El Señor, a través de la Cuaresma, especialmente en la escucha atenta a Su Palabra, desea pulir el tesoro que habita en nuestro interior y que muchas veces por tantas capas y capas, desconocemos o ignoramos. Somos como diamantes en bruto, oro en lingotes que a través del trabajo, del calor y el crisol pueden ser moldeados, afinados, mostrando la mejor cara de nosotros mismos, no la de la apariencia sino la de la transparencia.
Algunas asperezas hay que rectificar, también impurezas; unas pertenecen al carácter, otras a la insolidaridad, también a la impaciencia, a lo que pudimos hacer y no hicimos, y a tantas palabras que no pudimos callar.
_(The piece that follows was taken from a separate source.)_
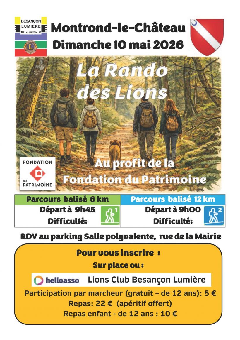 Organisé par le Lions Club Besançon Lumière au profit de la Fondation du Patrimoine pour poursuivre la rénovation du château !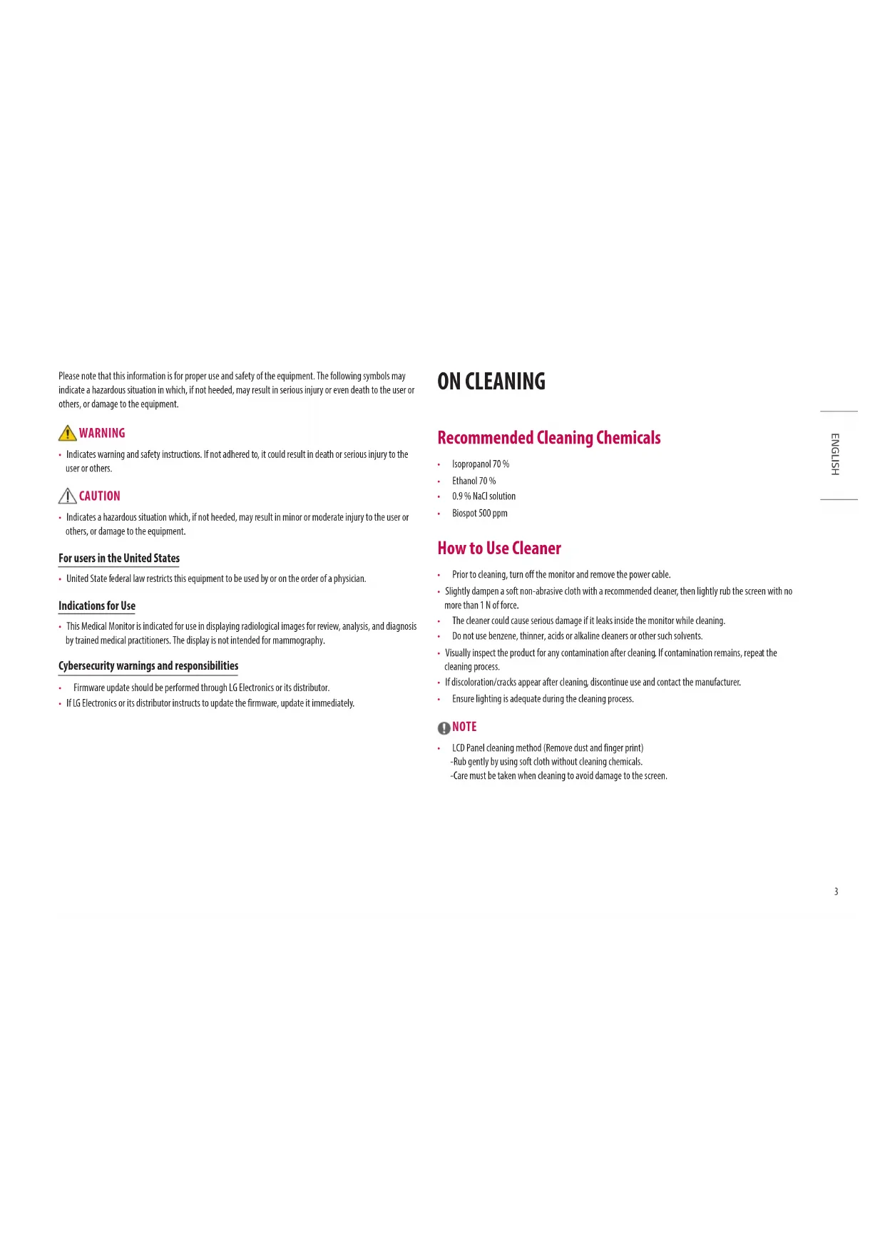- Periodically perform constancy tests. Calibrate if necessary. For details, refer to the User Manuals for the DBI Calibration Feedback System monitor quality control software. Calibration procedure Calibration Feedback System Calibration Feedback System (CFS) automatically detects the diagnostic or clinical displays to control. The integrated sensors on the displays is used. All test settings are preconfigured. A click of a button can initiate a Verification/check. A Recalibration can be started with a different button click. Reports are auto generated. Built-in QC/QA Wizards can be initiated to run a group of tests. For further details using CFS, please see the Help icon in the upper right corner of CFS which can guide users interactively. Maintenance schedule Calibration Feedback System Upon installation, Calibration Feedback System (CFS) is preconfigured for target luminance levels and test schedules. A simple manual Re-Adjust of the target level can be initiated with a click of a button. This can then be followed by a Verification or Check, also by the click of a button. QC/QA Wizards can also be scheduled based on the day the test was first run. These are predetermined schedule times based on industry standards and regional requirements. For further details using CFS, please see the Help icon in the upper right corner of CFS which can guide users interactively.43 ENGLISH Performance specifications We perform the physical laboratory test according to the ‘Display Devices for Diagnostic Radiology – Guidance for Industry and Food and Drug Administration Staff’ like below and we set the acceptance criteria for the physical laboratory test, the product was all passed according to the criteria. Test detail 1 Spatial resolution - Measurements of the transfer of information from the image data to the luminance fields at different spatial frequencies of interest typically done by reporting the modulation transfer function. 2 Pixel defects - Measurements (count, types (e.g., sub-pixel or entire pixel), always-on, always-off), and locations (map) of pixel defects. 3 Artifacts - Evaluate for image artifacts such as ghosting and/or image sticking from displaying a fixed test pattern for a period of time. 4 Temporal response - Measurements of the temporal behavior of the display in responding to changes in image values from frame to frame. 5 Luminance (achievable and recommended) - Measurements of the luminance that the device outputs as used in the application under recommended conditions and the achievable values if the device is set to expand the range to the limit. 6 Conformance to a grayscale-to-luminance function (e.g., DICOM GSDF) - Measurements of the mapping between image values and the luminance output following a target model response for 256 or more levels. 7 Color tracking - Chromaticity at different luminance levels of gray shades, including the white point, as indicated by the color coordinates in an appropriate units system44 ENGLISH LIMITED WARRANTY (USA) THE PRODUCT’S FULL LIMITED WARRANTY TERMS AND CONDITIONS ARE AVAILABLE AT https://www.lg.com/us AND/OR YOUR WARRANTY. ARBITRATION NOTICE: THIS LIMITED WARRANTY CONTAINS AN ARBITRATION PROVISION THAT REQUIRES YOU AND LG ELECTRONICS (“LG”) TO RESOLVE DISPUTES BY BINDING ARBITRATION INSTEAD OF IN COURT, UNLESS YOU CHOOSE TO OPT OUT. IN ARBITRATION, CLASS ACTIONS AND JURY TRIALS ARE NOT PERMITTED. PLEASE SEE THE SECTION TITLED “PROCEDURE FOR RESOLVING DISPUTES” BELOW. PROCEDURE FOR RESOLVING DISPUTES: ALL DISPUTES BETWEEN YOU AND LG ARISING OUT OF OR RELATING IN ANY WAY TO THIS LIMITED WARRANTY OR THE PRODUCT SHALL BE RESOLVED EXCLUSIVELY THROUGH BINDING ARBITRATION, AND NOT IN A COURT OF GENERAL JURISDICTION. BINDING ARBITRATION MEANS THAT YOU AND LG ARE EACH WAIVING THE RIGHT TO A JURY TRIAL AND TO BRING OR PARTICIPATE IN A CLASS ACTION. Definitions. For the purposes of this section, references to “LG” mean LG Electronics U.S.A., Inc., its parents, subsidiaries and affiliates, and each of their officers, directors, employees, agents, beneficiaries, predecessors in interest, successors, assigns and suppliers; references to “dispute” or “claim” shall include any dispute, claim or controversy of any kind whatsoever (whether based in contract, tort, statute, regulation, ordinance, fraud, misrepresentation or any other legal or equitable theory) arising out of or relating in any way to the sale, condition or performance of the product or this Limited Warranty. Notice of Dispute. In the event you intend to commence an arbitration proceeding, you must first notify LG in writing at least 30 days in advance of initiating the arbitration by sending a letter to LG at LG Electronics, USA, Inc. Attn: Legal Department- Arbitration 111 Sylvan Avenue, Englewood Cliffs, NJ 07632. You and LG agree to engage in good faith discussions in an attempt to amicably resolve your claim. The notice must provide your name, address, and telephone number; identify the product that is the subject of the claim; and describe the nature of the claim and the relief being sought. If you and LG are unable to resolve the dispute within 30 days, either party may proceed to file a claim for arbitration. Agreement to Binding Arbitration and Class Action Waiver. Upon failure to resolve the dispute during the 30 day period after sending written notice to LG, you and LG agree to resolve any claims between us only by binding arbitration on an individual basis, unless you opt out as provided below. Any dispute between you and LG shall not be combined or consolidated with a dispute involving any other person’s or entity’s product or claim. More specifically, without limitation of the foregoing, any dispute between you and LG shall not under any circumstances proceed as part of a class or representative action. Instead of arbitration, either party may bring an individual action in small claims court, but that small claims court action may not be

Cómo no limar la falta de fe y de esperanza, también de caridad. Y, qué decir de la tibieza, la soberbia, la hipocresía o el pensar solo en el más acá. La pereza y las pocas ganas, el comportamiento a veces como si no existiera nadie más.
Aprovechemos algún tiempo para ponernos en la presencia de Dios, para dejarnos iluminar por Su Mirada, que es compasiva, misericordiosa y justa. Si nos miramos desde nosotros, nos quedaremos cortos o veremos de más. Si nos dejamos ver por la muchedumbre no veremos a Jesús como Zaqueo (cf. Lc 19, 3). Dejémonos ver por la mirada compasiva de Dios compasivo, misericordiosa de Dios misericordioso; mirada llena de ternura para con todos.
Aunque nos alejemos, Él siempre espera nuestro regreso. Volvamos a la casa del Padre: por estar con Él y también por la fiesta (cf. Lc 15, 11-32).